Most of paper in literature deals with studying the behavior of single screw piles in sand under different load condition .While, minor of the researchers using injection of grouting beneath of helixes to improve the capacity and performance of screw piles as discussed above. Based on the paper in literature, it has been found that the screw pile has small axial stiffness and low lateral resistance. Therefore, the present research aims to investigate an alternative technique to improve the ultimate capacity of single screw piles under tensile inclined loads in dry sand using injection of grouting at a different zone in the top surface of the screw pile.

EXPERIMENTAL WORK

Experimental set up

A cylindrical test tank with 950.0 mm diameter, 900.0 mm height and is of 3 mm thick which is sufficiently thick and rigid enough to prevent any lateral deformation of the side walls was used to conduct the experimental investigation. The internal dimensions of the tank were taken so as to eliminate the boundary effect. According to Satyendra et al. (2010) the plan dimensions for the tank to avoid boundary effect which was considered to be minimal of three times the diameter of the helix. The diameter of the test pile is 21 mm with helix diameter of 60 mm. An electric motor is fixed on the top of the loading frame to create the torque required to push the piles into the soil. Three smooth pulleys system and wire are used to apply the inclined load on the piles. The axial vertical and horizontal displacement is measured using 0.01 mm accuracy dial gauge. The experimental set up is shown in Fig. 1.
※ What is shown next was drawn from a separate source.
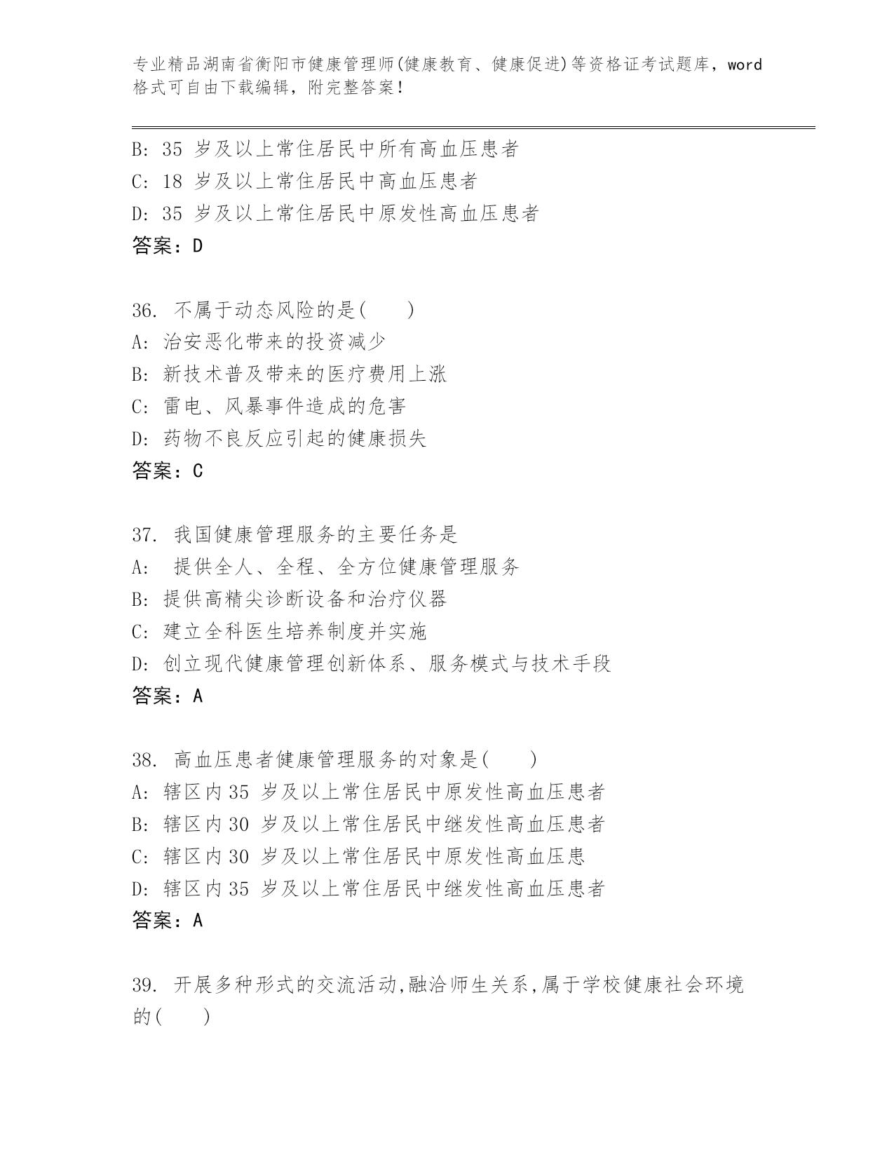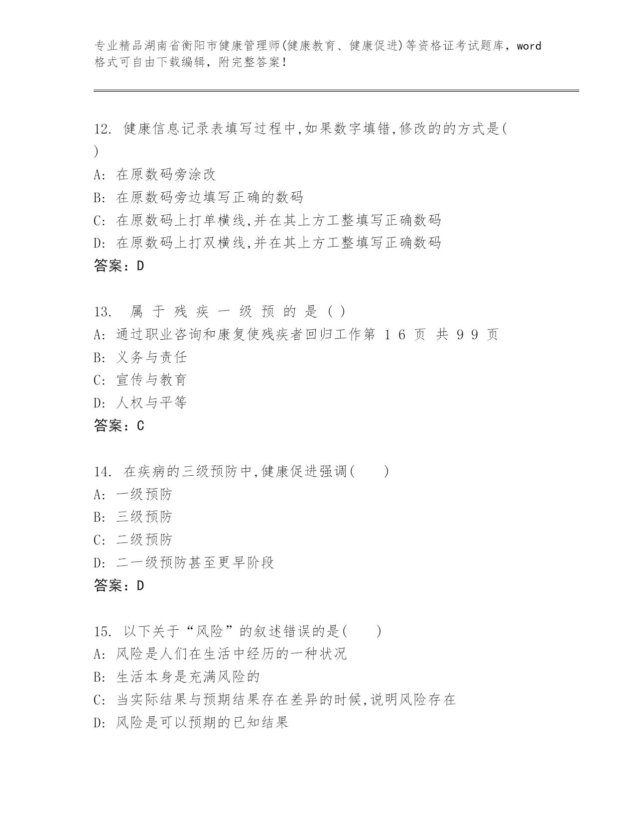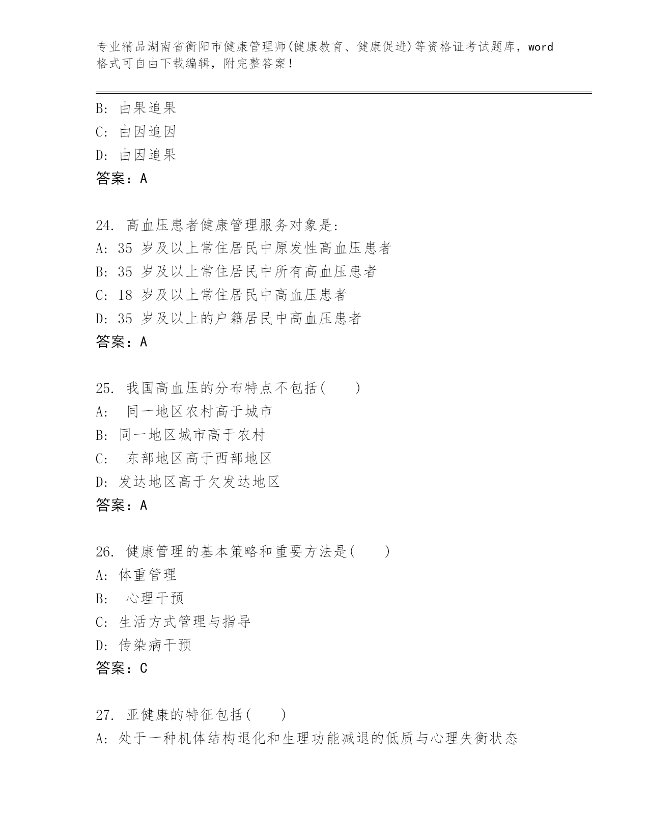 历年湖南省衡阳市健康管理师(健康教育、健康促进)等资格证考试大全含答案.docx

Pressurized grout chamber A grout delivery mechanism was designed to provide variable pressure control and easy

filling of model pile-soil system .The injection technique of grout was done through four nozzles with diameter of 5mm on the tested model piles and located at studied depth from the ground surface. The grout was injected inside the screw pipe piles and dissipated to the surrounding soil through these nozzles which located at the same level. Tests were done at different pressure of injection (2, 4 and 5 bars). It has been found that the used grout pressure of 5 bars made the soil collapsed and raised above. So, A system to fix the soil was used however, big cracks appeared and the diameter of grout bulb was very big compared with the diameter of the central shaft. Finally, at pressurized grout 2 bar the diameter of grout bulb was suitable and the soil doesn't collapse. Therefore, the appropriate used pressure of the grout is 1.5 bars during all test series. The elements of pressurized grout chamber included a compressor with a pressurized air valve, tank under pressure, motor gear for flipping the grout, funnel for pouring the grout, two pieces of pressure valve and pressure gauge to control the pressure inside the tank and prevent the internal pressure from exceeding the gage limit. Two-pieces of pressure hose one of them for transporting the air from compressor to the tank and another piece to transport the grout from the tank to the pile. Fig 2 shows the grout pump system.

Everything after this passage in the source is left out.